A squirrel has stored its acorns in a hole that is 45 feet from the ground in a tall tree. The squirrel starts on a perch 100 feet above the ground. The squirrel moves from the perch down to its stored acorns in 5.25 seconds. Interpret the quotient to describe the rate of change in the squirrel's height above the ground. Give your answer to the nearest hundredth.
To find the rate of change in the squirrel's height above the ground, we need to calculate the difference in height and divide it by the time it takes for the squirrel to change its height.
The initial height of the squirrel is 100 feet above the ground.
The final height of the squirrel is 45 feet above the ground.
Therefore, the difference in height is 100 - 45 = 55 feet.
The time it takes for the squirrel to change its height is 5.25 seconds.
To calculate the rate of change, we divide the difference in height by the time it takes, which is 55/5.25 = 10.48 feet per second.
Therefore, the rate of change in the squirrel's height above the ground is approximately 10.48 feet per second.
To describe the rate of change in the squirrel's height above the ground, we can divide the change in height by the time it takes for the squirrel to move.
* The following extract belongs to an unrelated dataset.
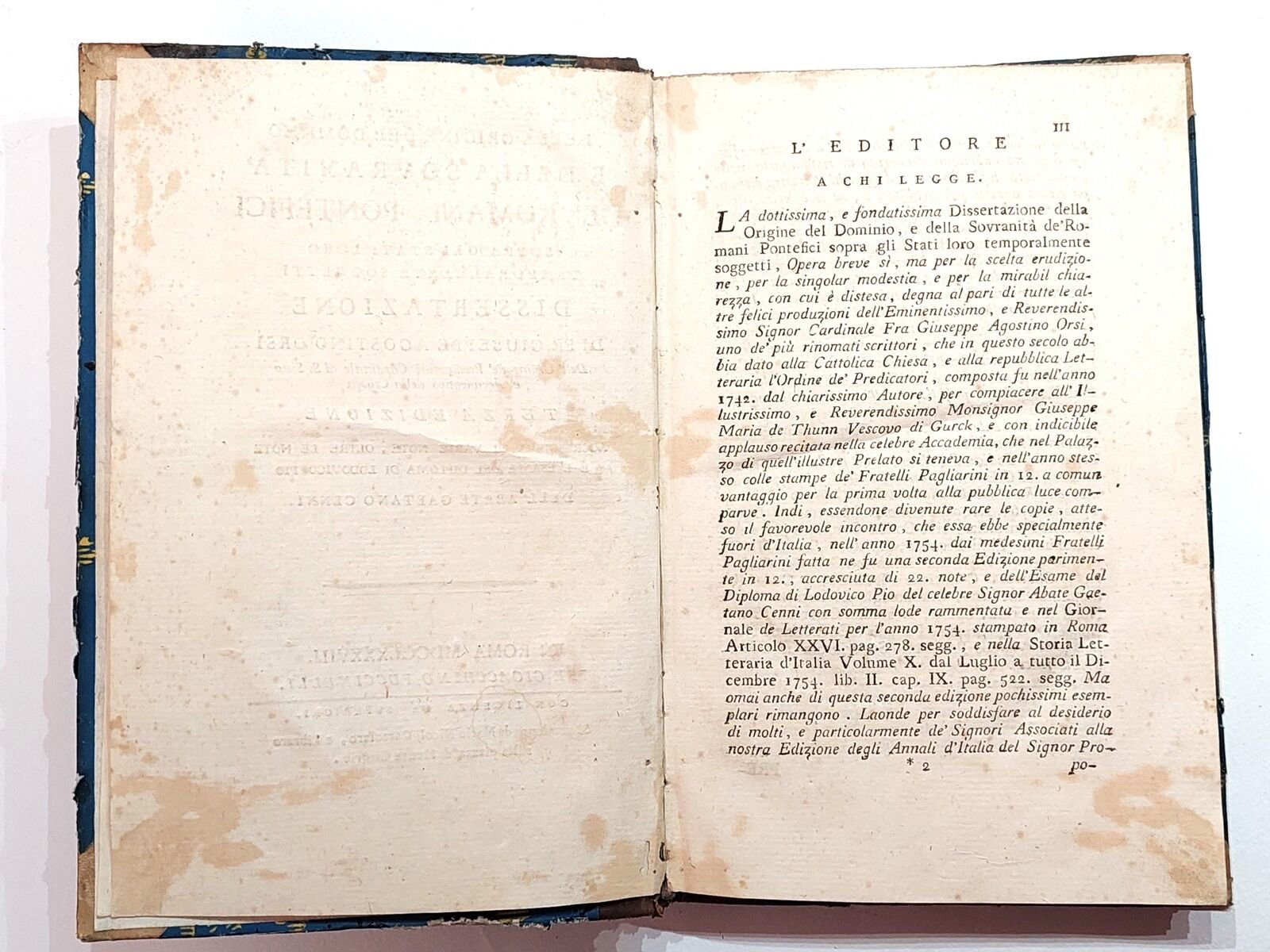 Della origine del dominio e della sovranità de' romani Pontefici sopra gli stati loro temporalmente soggetti Dissertazione di Fr. Giuseppe Agostino Orsi 3° edizione accresciuta di varie note, oltre le note e l'esame del diploma di Lodovico Pio dell'abate Gaetano Cenni Roma 1788

In this case, the squirrel moves from the perch at 100 feet above the ground to its stored acorns in a hole that is 45 feet from the ground in 5.25 seconds.
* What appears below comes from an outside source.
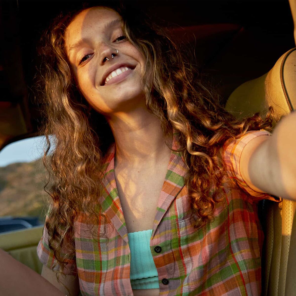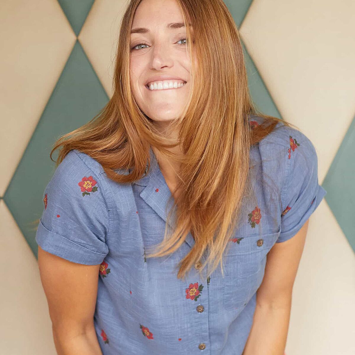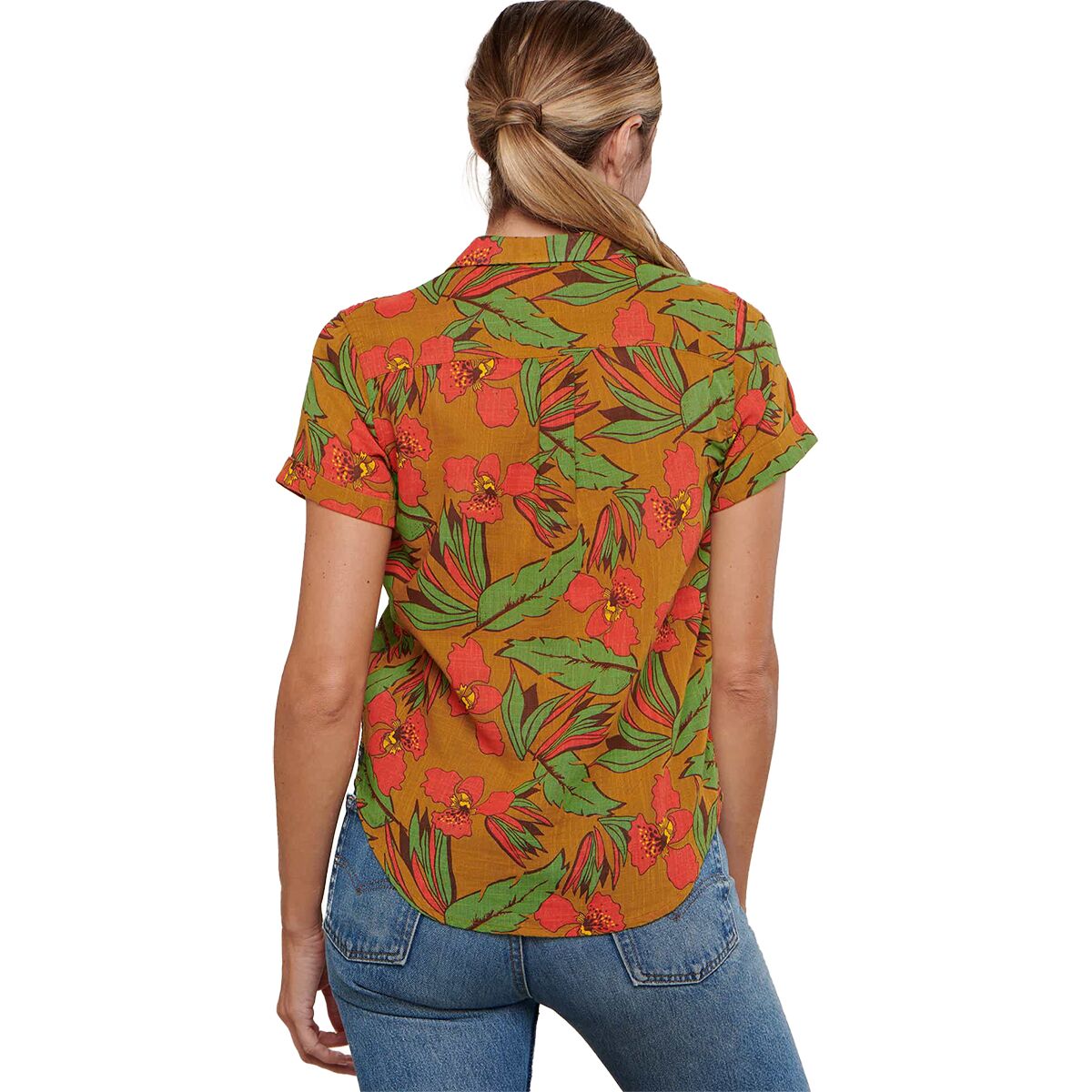 • Flowy button-up top for camp and casual wear

The change in height is given by 100 feet - 45 feet = 55 feet.
To find the rate of change, we divide the change in height by the time it takes: 55 feet / 5.25 seconds ≈ 10.48 feet per second.
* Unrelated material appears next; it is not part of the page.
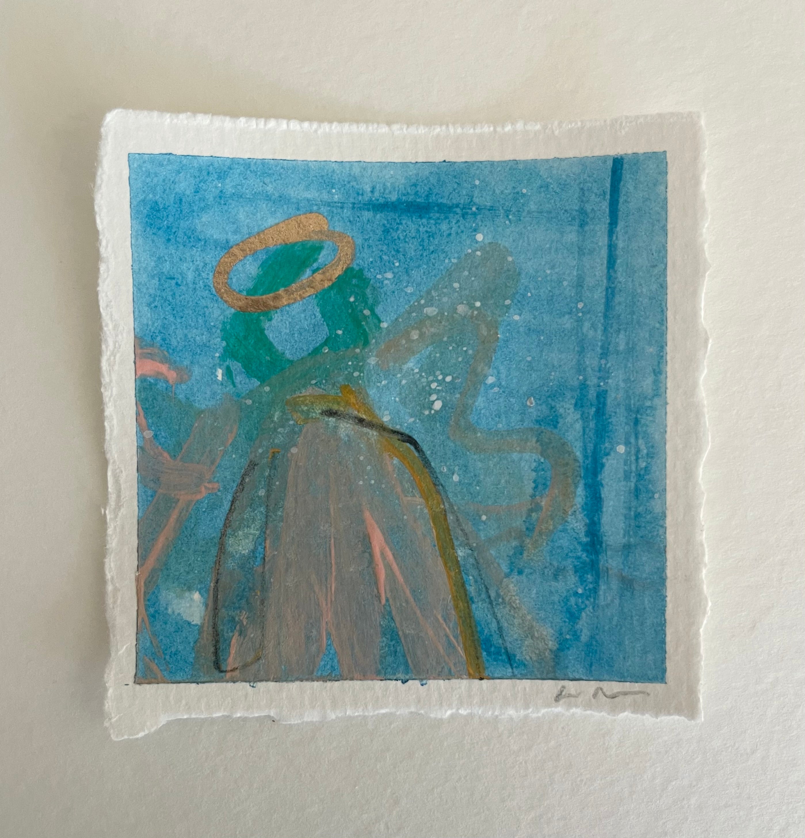 mixed media on deckled edge paper, in acrylic frame

Therefore, the rate of change in the squirrel's height above the ground is approximately 10.48 feet per second.
To find the rate of change in the squirrel's height above the ground, we need to calculate how much the squirrel's height decreases in 5.25 seconds.
Given that the squirrel starts on a perch 100 feet above the ground and moves down to its stored acorns, we can subtract the distance the squirrel moves from its initial height to its final height.
The distance moved by the squirrel is equivalent to the height of the tree minus the height of the stored acorns. So, the distance moved by the squirrel is 45 feet.
Therefore, the rate of change in the squirrel's height above the ground can be calculated as the distance moved divided by the time taken. In this case, it is 45 feet / 5.25 seconds.
To find the quotient, divide 45 by 5.25:
45 / 5.25 = 8.57.
Rounding the answer to the nearest hundredth, the rate of change in the squirrel's height above the ground is approximately 8.57 feet per second.